All of the data should be given again word for word, though the images are to be left out.

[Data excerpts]
----------

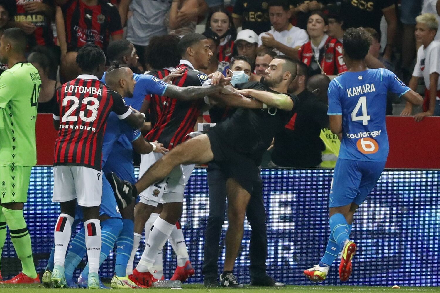 Os acontecimentos resultaram numa invasão de campo e numa autêntica 'batalha campal', que obrigou todos os jogadores a recolher aos balneários e levou o árbitro, Benoit Bastien, a interromper provisoriamente a partida quando o Nice vencia com um golo de Kasper Dolberg (49).
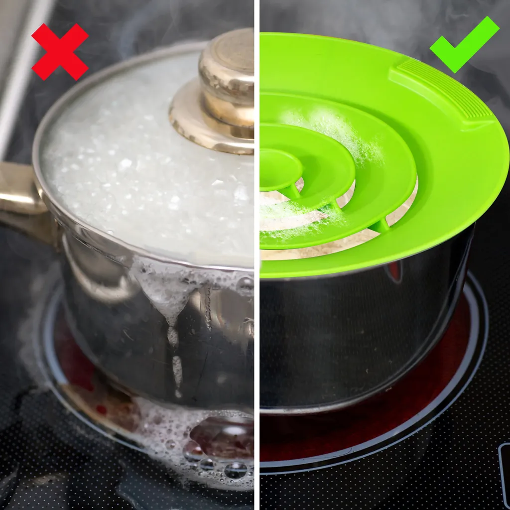 Der Silikonschutz schützt Ihren Herd vor Spritzwasser und überkochendem Wasser. Legen Sie einfach den Deckel auf Ihren Topf und das Wasser tritt nicht mehr aus dem Topf.
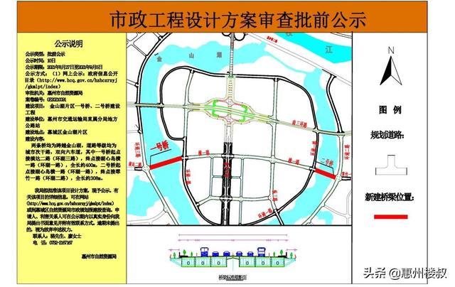另外,根据8月31日惠州市惠城区自然资源局发布《惠州市交通运输局直属分局地方公路站市政工程设计方案审查批前公示》。金山湖片区将规划建设2座桥,其中一条是连接横一路与翠竹一路的金山湖二号桥。
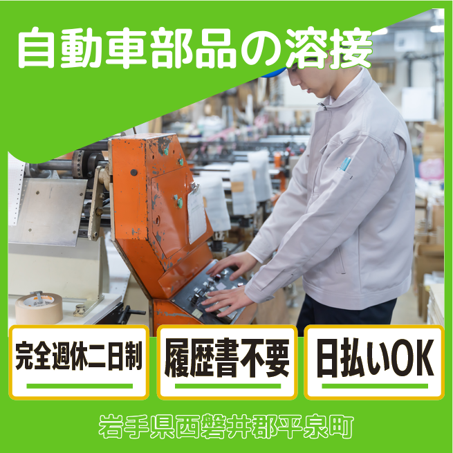 給与詳細 例 0円 時給例 1,500円 勤務地 岩手県西磐井郡平泉町 仕事内容 マフラー部品の溶接・組付け作業
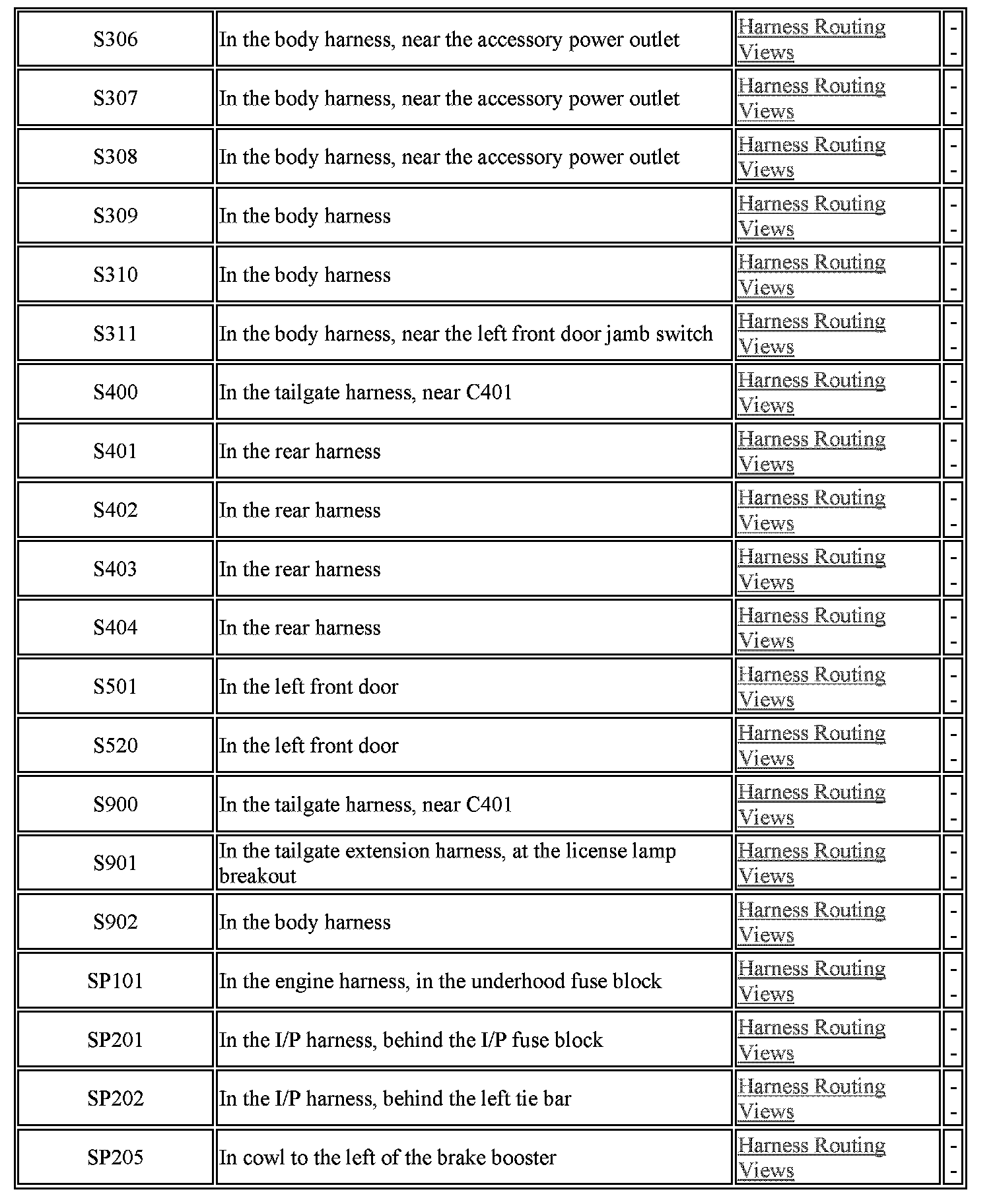 Master Electrical Component List (Hatchback)
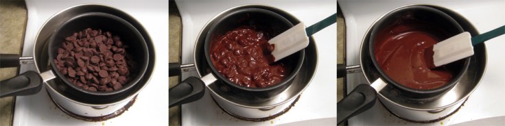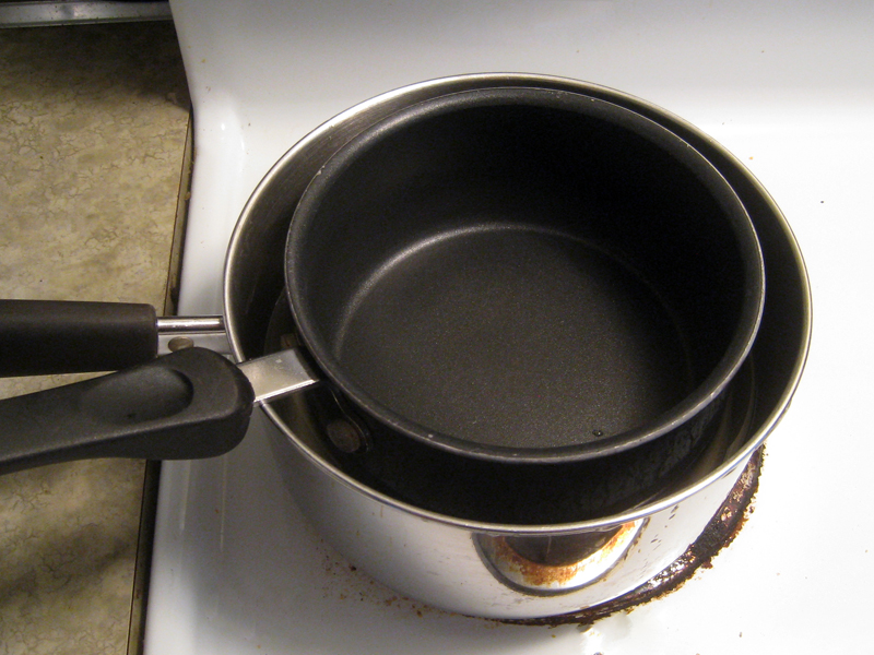 1. Fill a medium sauce pan half way with water and place on medium heat. Then place a small sauce pan inside the medium sauce pan.  If you have double-boiler style pots then just use those. This is extremely important because you don’t want to put the pot with the chocolate directly on the stove and risk burning the chocolate.  The double boiler method helps you manage the heat.
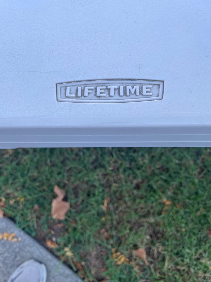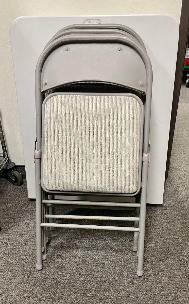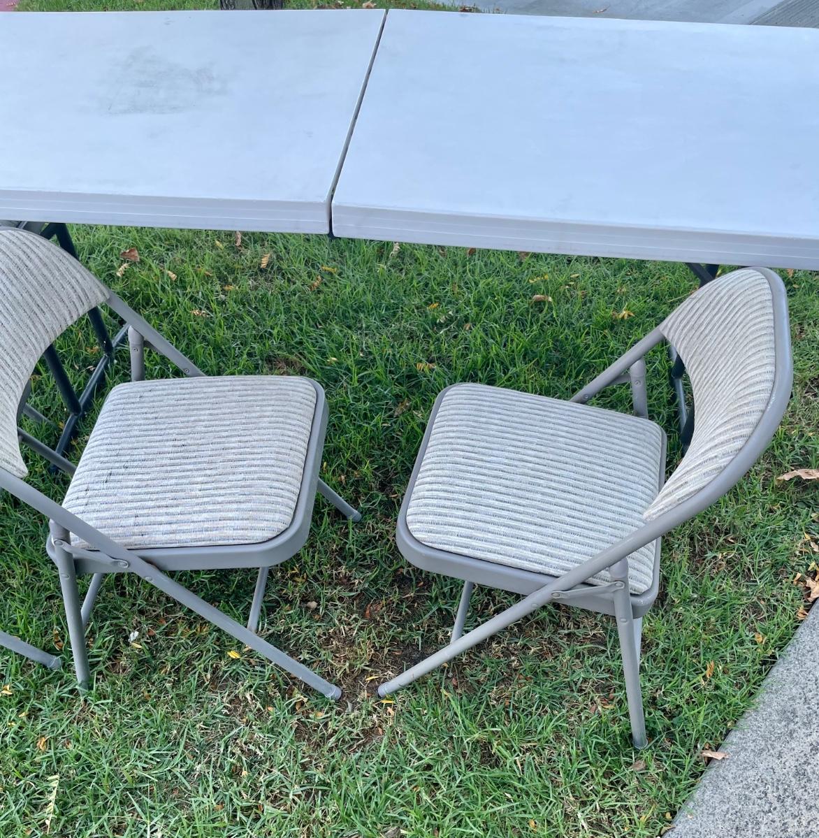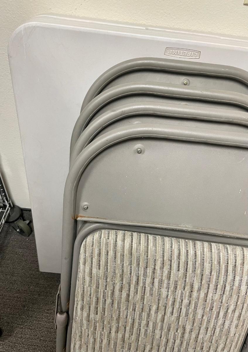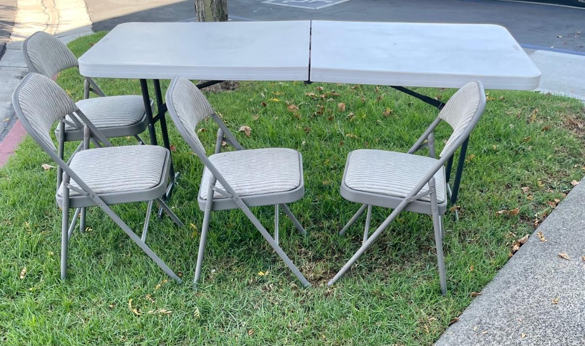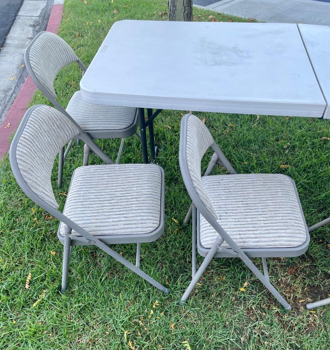 30” x 72” folding table by Lifetime. Also 4 padded folding chairs.
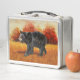 Un mignon ours noir qui se promène dans un champ de feuillage de couleur automne.
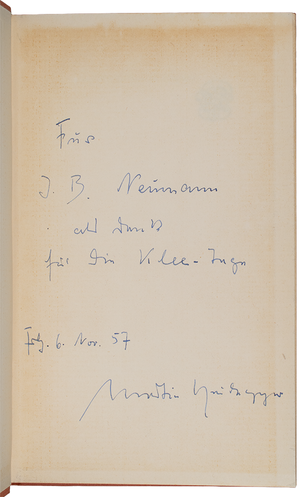 As an art dealer and personality, Neumann’s reach far exceeded what is documented today. In fact, he was not only in frequent communication with the most important publishers and artists of his age, as the example of Macy and Grosz shows, but was also known and respected beyond the strictly artistic sphere. One of the most surprising—and significant—discoveries from Neumann’s library is a collection of inscriptions to him by the German philosopher Martin Heidegger: two from 1953 and one from 1957. While Heidegger was not known to be an art collector, his writings on art and poetry— especially his essay “On the Origins of the Work of Art”—are central contributions to twentieth-century aesthetic theory. His magnitude in the world of philosophy cannot be overstated. So, what had the world-famous philosopher wanted with a Jewish art dealer from New York, especially given Heidegger’s troubling position on the “Jewish Question”?
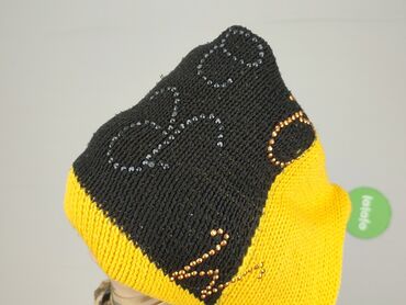 OkrągłySweter damski, dzianinowy, żółty z czarnymi akcentami
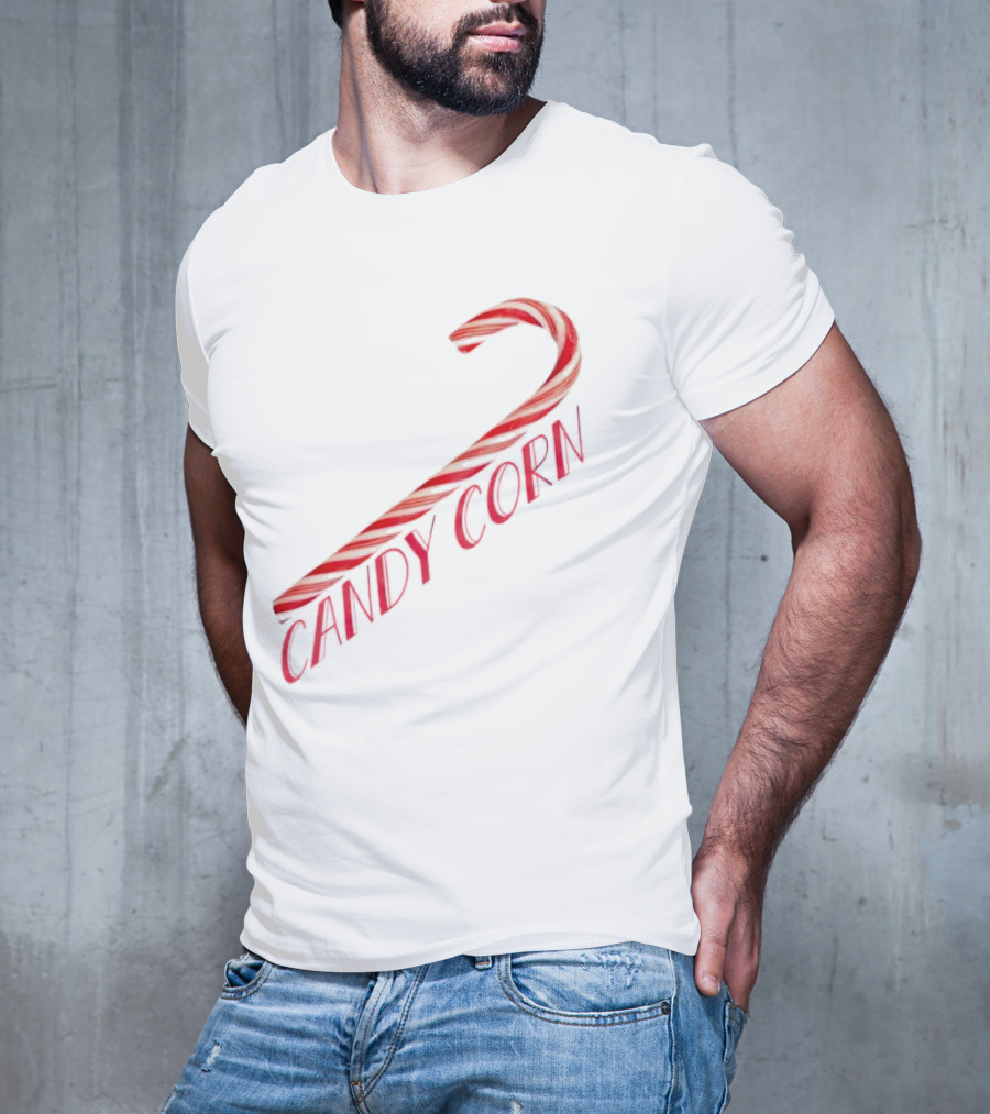 Candy Corn Candy Cane Mischief T-shirt — on-model front view, hands near pockets.
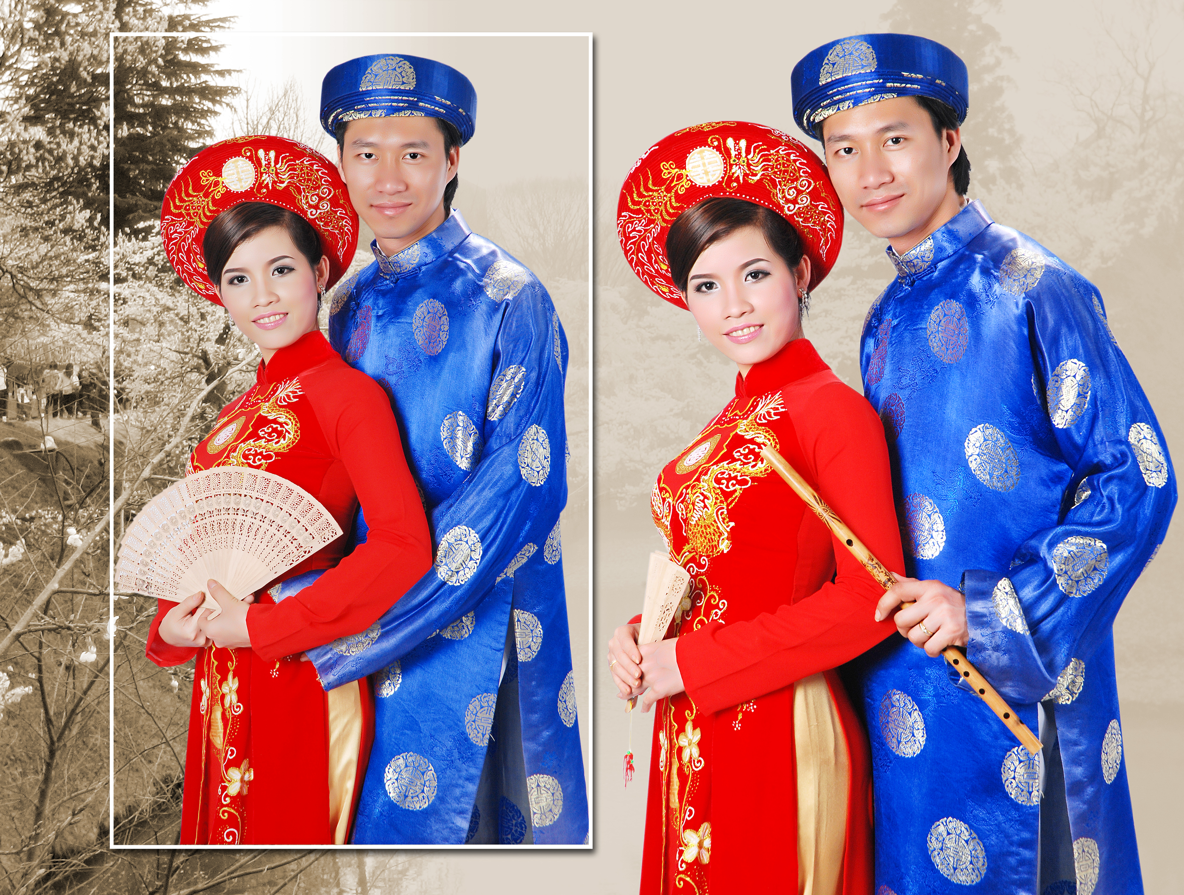 중국, 인도, 방글라데시, 파키스탄의 많은 웨딩드레스는 붉은색이다. 이는 전통적인 인도 색상으로 행운과 길조를 나타낸다.[1] 베트남의 웨딩드레스(전통적인 아오자이(áo tấc), 고대 아오자이)는 감청색이었다. 오늘날 많은 여성들은 붉은색 외의 다른 색상을 선택한다. 현대 중국 본토 결혼식에서 신부는 어떤 색상의 서양식 드레스와 전통 의상을 결혼 다례를 위해 입을 수 있다.
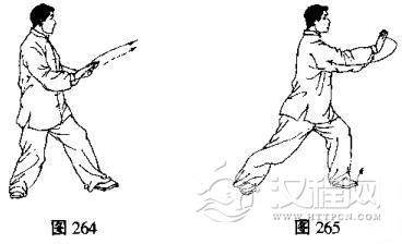 (2)两手在胸前翻掌,向下经腹前再向上、向前推出,腕部与肩平,手心向前,同时左腿前弓成左弓步,目视前方(图263, 264, 265)
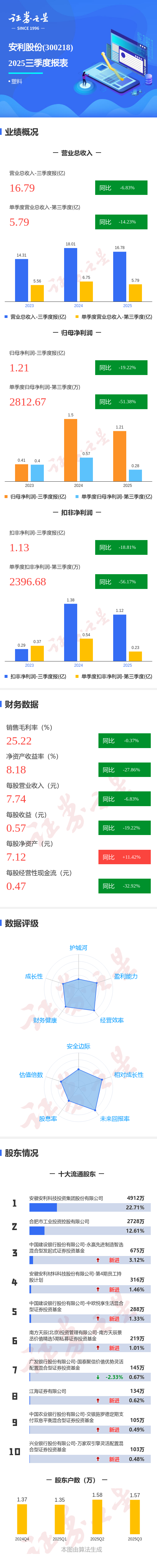 证券之星消息,安利股份2025年三季报显示,公司主营收入16.79亿元,同比下降6.84%;归母净利润1.21亿元,同比下降19.22%;扣非净利润1.13亿元,同比下降18.81%;其中2025年第三季度,公司单季度主营收入5.79亿元,同比下降14.24%;单季度归母净利润2812.67万元,同比下降51.38%;单季度扣非净利润2396.68万元,同比下降56.17%;负债率30.67%,投资收益-175.8万元,财务费用349.91万元,毛利率25.22%。
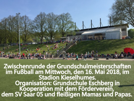Bei tollen äußeren Umständen (durchgängig strahlender Sonnenschein) fanden am Freitag, den 20. April, die 31. Grundschulmeisterschaften im Fußball statt. Unsere Grundschule Eschberg war voll dabei, als Ausrichter und auch als Mannschaft. So sahen die 250 Zuschauer im Stadion am Kieselhumes attraktive Spiele, wobei in der Gruppe A die Mannschaft der Grundschule Eschberg 1 mit drei Siegen und 29:1 Toren Gruppensieger wurde. Herzlichen Glückwunsch zum Gruppensieg und zum Erreichen der Zwischenrunde, die am 16. Mai 2018 stattfindet. In der Gruppe B wurde ebenfalls mit drei Siegen die Grundschule Saarbrücken-Ost Gruppensieger. Unsere 2. Mannschaft wehrte sich ebenfalls tapfer, konnte jedoch keinen Punkt heute ergattern. Dank des großen Einsatzes des Födervereins der Grundschule Eschberg und vieler fleißiger Mamas und Papas wurde der heutige Tag zu einem tollen Ereignis, der vielen Kindern sicher in bester Erinnerung bleiben wird. Weiter geht es mit der Zwischenrunde am 16. Mai 2018. Die GS Eschberg ist dabei!
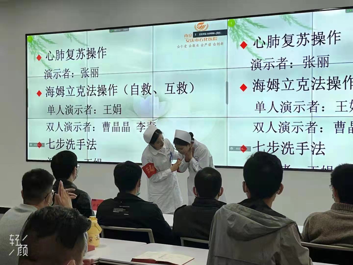 護士王娟進行單人海姆立克法自救演示;護士曹晶晶及李春進行雙人海姆立克法互救演示。

----------

### Written response
 Os acontecimentos resultaram numa invasão de campo e numa autêntica 'batalha campal', que obrigou todos os jogadores a recolher aos balneários e levou o árbitro, Benoit Bastien, a interromper provisoriamente a partida quando o Nice vencia com um golo de Kasper Dolberg (49).
 Der Silikonschutz schützt Ihren Herd vor Spritzwasser und überkochendem Wasser. Legen Sie einfach den Deckel auf Ihren Topf und das Wasser tritt nicht mehr aus dem Topf.
另外,根据8月31日惠州市惠城区自然资源局发布《惠州市交通运输局直属分局地方公路站市政工程设计方案审查批前公示》。金山湖片区将规划建设2座桥,其中一条是连接横一路与翠竹一路的金山湖二号桥。
 給与詳細 例 0円 時給例 1,500円 勤務地 岩手県西磐井郡平泉町 仕事内容 マフラー部品の溶接・組付け作業
 Master Electrical Component List (Hatchback)
 1. Fill a medium sauce pan half way with water and place on medium heat. Then place a small sauce pan inside the medium sauce pan.  If you have double-boiler style pots then just use those. This is extremely important because you don’t want to put the pot with the chocolate directly on the stove and risk burning the chocolate.  The double boiler method helps you manage the heat.
 30” x 72” folding table by Lifetime. Also 4 padded folding chairs.
 Un mignon ours noir qui se promène dans un champ de feuillage de couleur automne.
 As an art dealer and personality, Neumann’s reach far exceeded what is documented today. In fact, he was not only in frequent communication with the most important publishers and artists of his age, as the example of Macy and Grosz shows, but was also known and respected beyond the strictly artistic sphere. One of the most surprising—and significant—discoveries from Neumann’s library is a collection of inscriptions to him by the German philosopher Martin Heidegger: two from 1953 and one from 1957. While Heidegger was not known to be an art collector, his writings on art and poetry— especially his essay “On the Origins of the Work of Art”—are central contributions to twentieth-century aesthetic theory. His magnitude in the world of philosophy cannot be overstated. So, what had the world-famous philosopher wanted with a Jewish art dealer from New York, especially given Heidegger’s troubling position on the “Jewish Question”?
 OkrągłySweter damski, dzianinowy, żółty z czarnymi akcentami
 Candy Corn Candy Cane Mischief T-shirt — on-model front view, hands near pockets.
 중국, 인도, 방글라데시, 파키스탄의 많은 웨딩드레스는 붉은색이다. 이는 전통적인 인도 색상으로 행운과 길조를 나타낸다.[1] 베트남의 웨딩드레스(전통적인 아오자이(áo tấc), 고대 아오자이)는 감청색이었다. 오늘날 많은 여성들은 붉은색 외의 다른 색상을 선택한다. 현대 중국 본토 결혼식에서 신부는 어떤 색상의 서양식 드레스와 전통 의상을 결혼 다례를 위해 입을 수 있다.
 (2)两手在胸前翻掌,向下经腹前再向上、向前推出,腕部与肩平,手心向前,同时左腿前弓成左弓步,目视前方(图263, 264, 265)
 证券之星消息,安利股份2025年三季报显示,公司主营收入16.79亿元,同比下降6.84%;归母净利润1.21亿元,同比下降19.22%;扣非净利润1.13亿元,同比下降18.81%;其中2025年第三季度,公司单季度主营收入5.79亿元,同比下降14.24%;单季度归母净利润2812.67万元,同比下降51.38%;单季度扣非净利润2396.68万元,同比下降56.17%;负债率30.67%,投资收益-175.8万元,财务费用349.91万元,毛利率25.22%。
Bei tollen äußeren Umständen (durchgängig strahlender Sonnenschein) fanden am Freitag, den 20. April, die 31. Grundschulmeisterschaften im Fußball statt. Unsere Grundschule Eschberg war voll dabei, als Ausrichter und auch als Mannschaft. So sahen die 250 Zuschauer im Stadion am Kieselhumes attraktive Spiele, wobei in der Gruppe A die Mannschaft der Grundschule Eschberg 1 mit drei Siegen und 29:1 Toren Gruppensieger wurde. Herzlichen Glückwunsch zum Gruppensieg und zum Erreichen der Zwischenrunde, die am 16. Mai 2018 stattfindet. In der Gruppe B wurde ebenfalls mit drei Siegen die Grundschule Saarbrücken-Ost Gruppensieger. Unsere 2. Mannschaft wehrte sich ebenfalls tapfer, konnte jedoch keinen Punkt heute ergattern. Dank des großen Einsatzes des Födervereins der Grundschule Eschberg und vieler fleißiger Mamas und Papas wurde der heutige Tag zu einem tollen Ereignis, der vielen Kindern sicher in bester Erinnerung bleiben wird. Weiter geht es mit der Zwischenrunde am 16. Mai 2018. Die GS Eschberg ist dabei!
 護士王娟進行單人海姆立克法自救演示;護士曹晶晶及李春進行雙人海姆立克法互救演示。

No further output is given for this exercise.